Thompson Kara Annette
Department of Cardiology, University of Texas MD Anderson Cancer Center, Houston, TX, United States.
Front Cardiovasc Med. 2018 Mar 26;5:14. doi: 10.3389/fcvm.2018.00014. eCollection 2018.
With advances in cancer therapy, there has been a remarkable increase in survival in children diagnosed with malignancies. Many of these children are treated with anthracyclines which are well known to cause cardiotoxicity. As more childhood cancer survivors reach childbearing age, many will choose to become pregnant. At this time, the factors associated with development of cardiomyopathy after anthracycline treatment are not clearly identified. It is possible that cardiac stress could predispose to cardiac deterioration in a patient with reduced functional reserve from prior anthracycline exposure. Pregnancy is one form of cardiovascular stress. The cardiac outcomes of pregnancy in childhood cancer survivors must be considered. In view of limited data, guidelines for pregnancy planning, management, and monitoring after cardiotoxic cancer therapy have not been established. This review summarizes the limited data available on the topic of pregnancy after anthracyclines in childhood.

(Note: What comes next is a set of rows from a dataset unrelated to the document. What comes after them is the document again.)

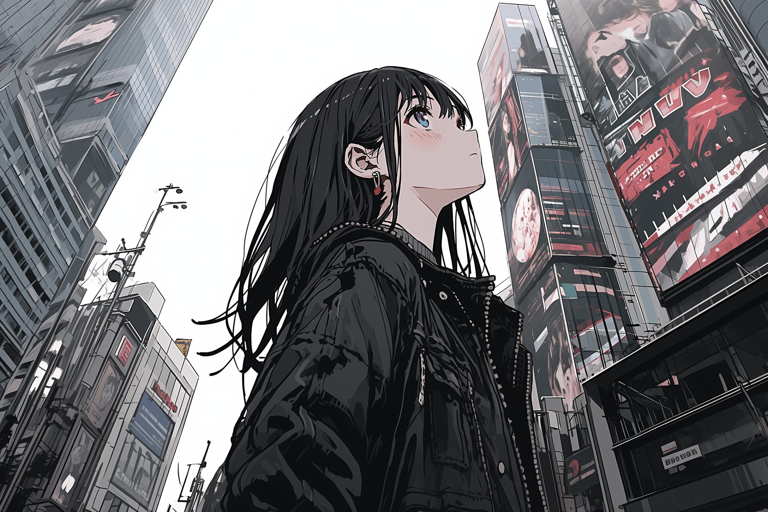 検索タグ:イラスト、ファッション、キャラクター、女性、女、女の子、女子、女の人、アニメ、漫画、マンガ、美人、美女、若い、かわいい、可愛い、カワイイ、人物、顔、美しい、綺麗、きれい、キレイ、アート、お洒落、女子高生、JK、挿絵、夏、春、パステルカラー、トップス、春服、hoodie、パーカー、パーカー女子、待ち受け画像、春服、ブラック、黒、BLACK、ジャケット、見上げる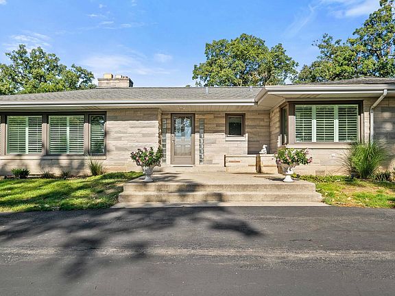 Welcome to this beautifully updated 4-bedroom, 2-bath brick ranch nestled on a peaceful 1-acre lot . This home blends timeless charm with modern updates featuring, hardwood floors throughout, and abundant natural light. The open-concept layout is perfect for entertaining, with a bright living area, cozy fireplace, and a spacious kitchen equipped with stainless steel appliances, a large dining area, and direct access to a large deck overlooking the serene backyard. Enjoy the warmth of a second fireplace in the expansive family room, complete with a built-in 100-gallon aquarium and space for a home workshop or future wine cellar. The partially finished basement adds flexibility. House has attached 2 car garage. Recent updates include windows and kitchen. Surrounded by mature trees and tucked in a private, yet convenient location close to parks, schools, shopping and expressways - this move-in-ready home offers space, comfort, and endless potential!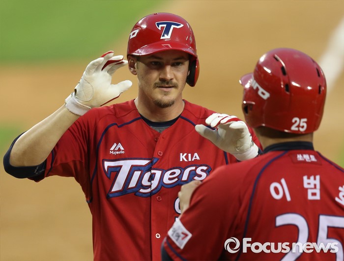 (서울=포커스뉴스) 10일 서울 잠실구장에서 열린 2016 프로야구 KIA-두산 경기 5회초 2사 1루에서 KIA 브렛 필이 좌월 2점 홈런을 치고 선행주자 이범호의 환영을 받으며 홈인하고 있다.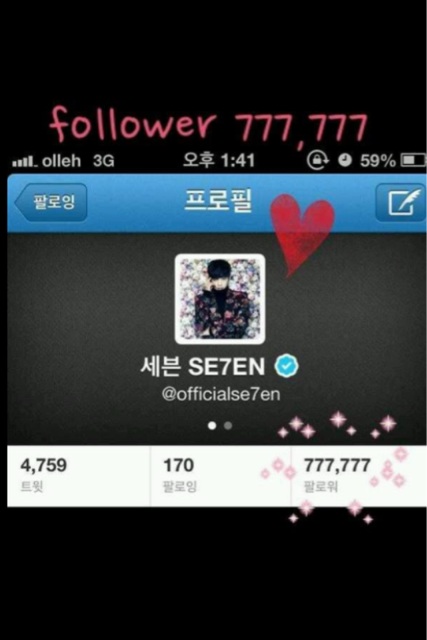 On December 3, Se7en tweeted, “OMG!!! Finally 777,777 followers!! Thank u sooooo much~ Love yall.” He also included a screen shot of his Twitter profile, showing proof of 777,777 “Lucky 7s” (Se7en’s fan club) most of whom are committed fans curious about the singer’s daily life.

随着癌症治疗的进展,被诊断为恶性肿瘤的儿童的生存率显著提高。这些儿童中有许多接受了蒽环类药物治疗,众所周知,蒽环类药物会导致心脏毒性。随着越来越多的儿童癌症幸存者达到生育年龄,许多人会选择怀孕。此时,与蒽环类药物治疗后心肌病发生相关的因素尚未明确。对于先前接触过蒽环类药物而功能储备降低的患者,心脏应激可能会使其易发生心脏功能恶化。怀孕是心血管应激的一种形式。必须考虑儿童癌症幸存者怀孕后的心脏结局。鉴于数据有限,尚未制定心脏毒性癌症治疗后怀孕计划、管理和监测的指南。本综述总结了关于儿童蒽环类药物治疗后怀孕这一主题的有限可用数据。